» **WHAT THE EXERCISE ASKS**: Copy, please, the line with "サルエルパンツ ワイドパンツ イージーパンツ" and each line that follows it through the end of the data below, exactly as given and without pictures.

» **INFORMATION PROVIDED**:
BEGIN
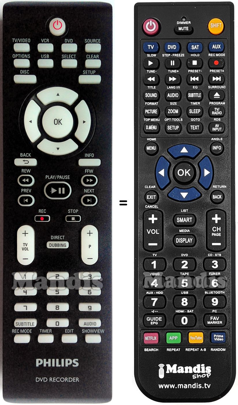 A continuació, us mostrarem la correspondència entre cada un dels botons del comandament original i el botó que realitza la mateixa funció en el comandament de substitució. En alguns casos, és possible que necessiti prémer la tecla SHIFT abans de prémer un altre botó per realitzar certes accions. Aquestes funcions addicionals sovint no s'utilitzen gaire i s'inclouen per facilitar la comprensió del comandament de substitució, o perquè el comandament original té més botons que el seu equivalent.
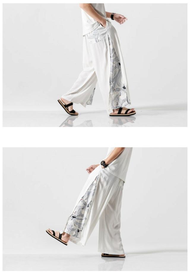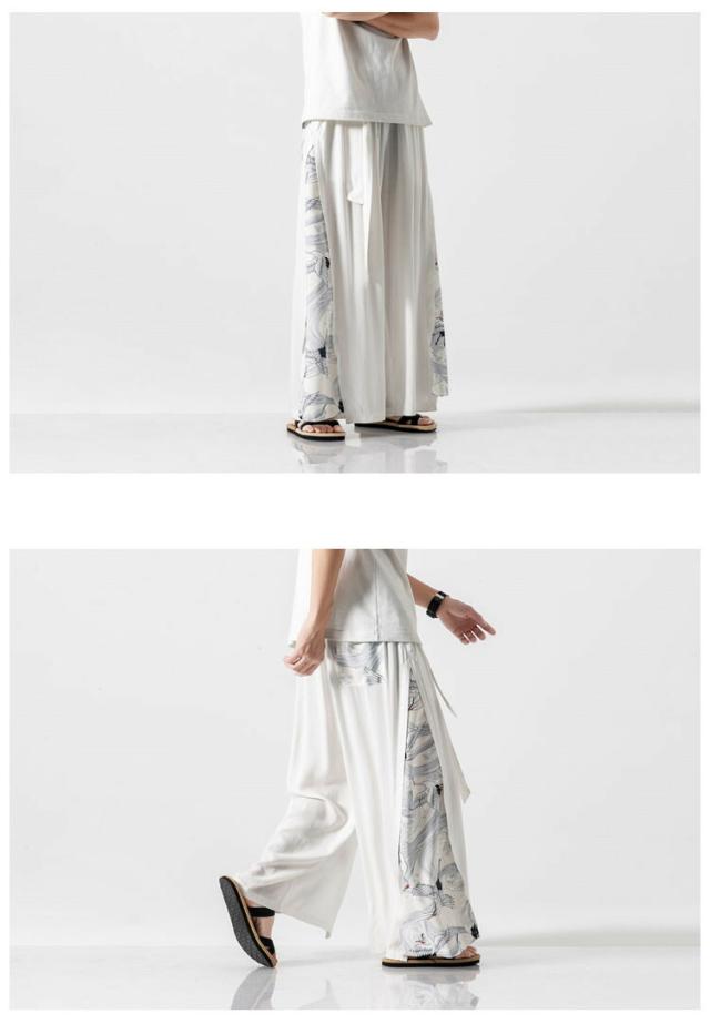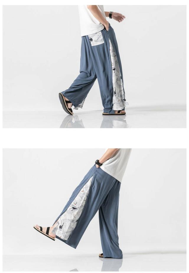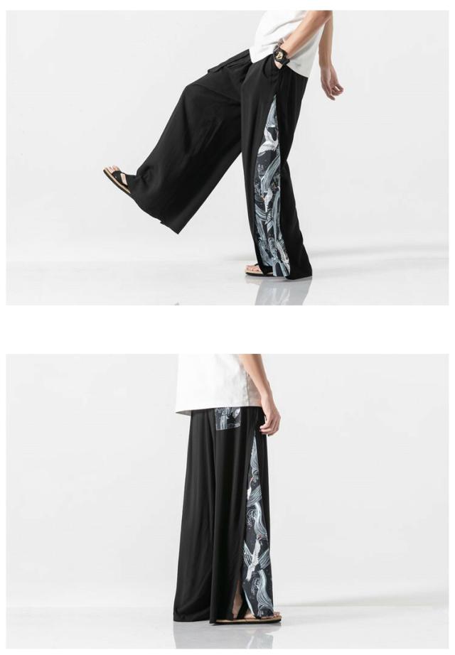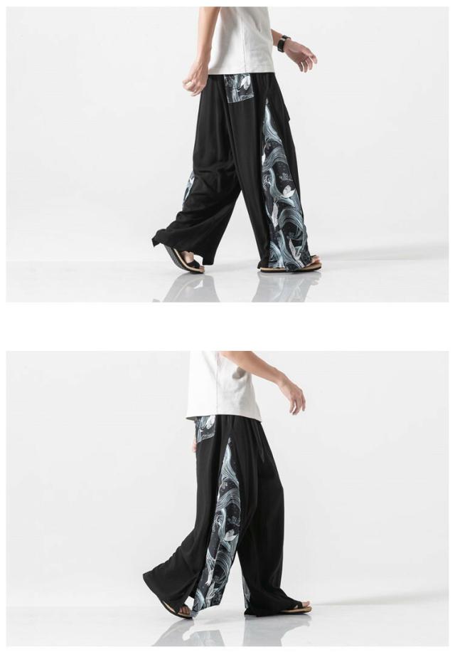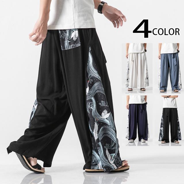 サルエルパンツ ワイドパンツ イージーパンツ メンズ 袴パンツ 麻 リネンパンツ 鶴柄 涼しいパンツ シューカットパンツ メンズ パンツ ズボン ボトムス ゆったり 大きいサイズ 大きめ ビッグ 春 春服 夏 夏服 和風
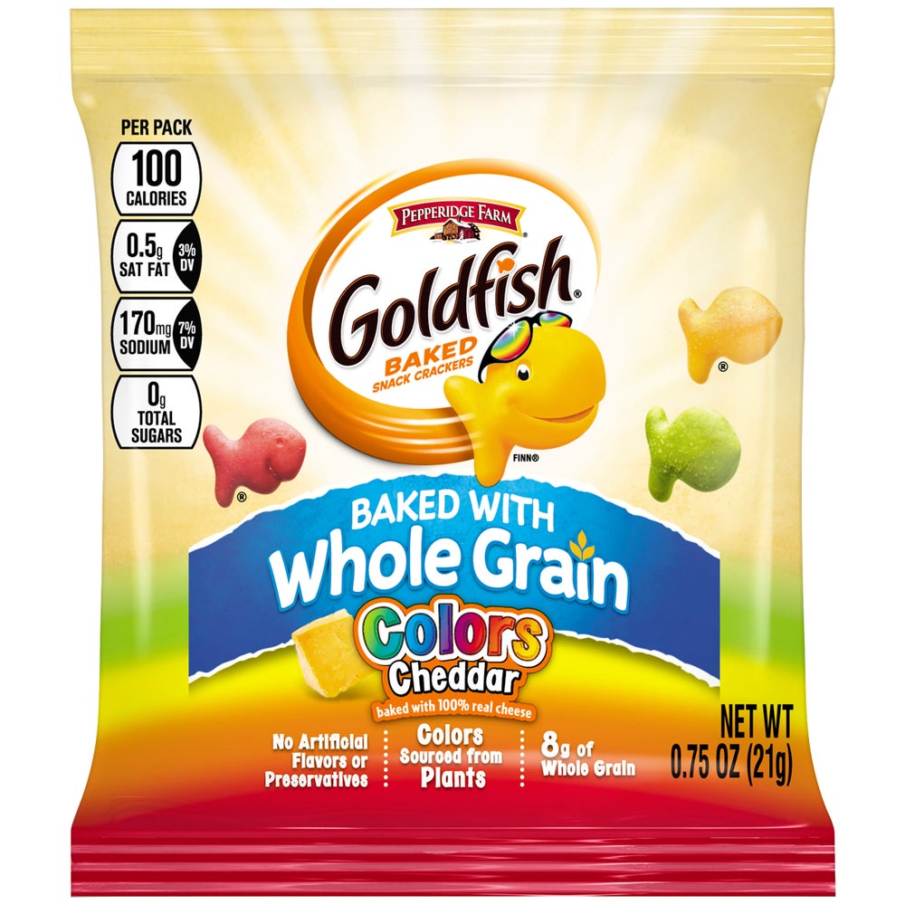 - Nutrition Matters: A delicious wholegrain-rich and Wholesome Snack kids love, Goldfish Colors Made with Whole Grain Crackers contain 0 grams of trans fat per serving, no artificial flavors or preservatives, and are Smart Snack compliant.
END
» **ANSWER SPACE**:
 サルエルパンツ ワイドパンツ イージーパンツ メンズ 袴パンツ 麻 リネンパンツ 鶴柄 涼しいパンツ シューカットパンツ メンズ パンツ ズボン ボトムス ゆったり 大きいサイズ 大きめ ビッグ 春 春服 夏 夏服 和風
 - Nutrition Matters: A delicious wholegrain-rich and Wholesome Snack kids love, Goldfish Colors Made with Whole Grain Crackers contain 0 grams of trans fat per serving, no artificial flavors or preservatives, and are Smart Snack compliant.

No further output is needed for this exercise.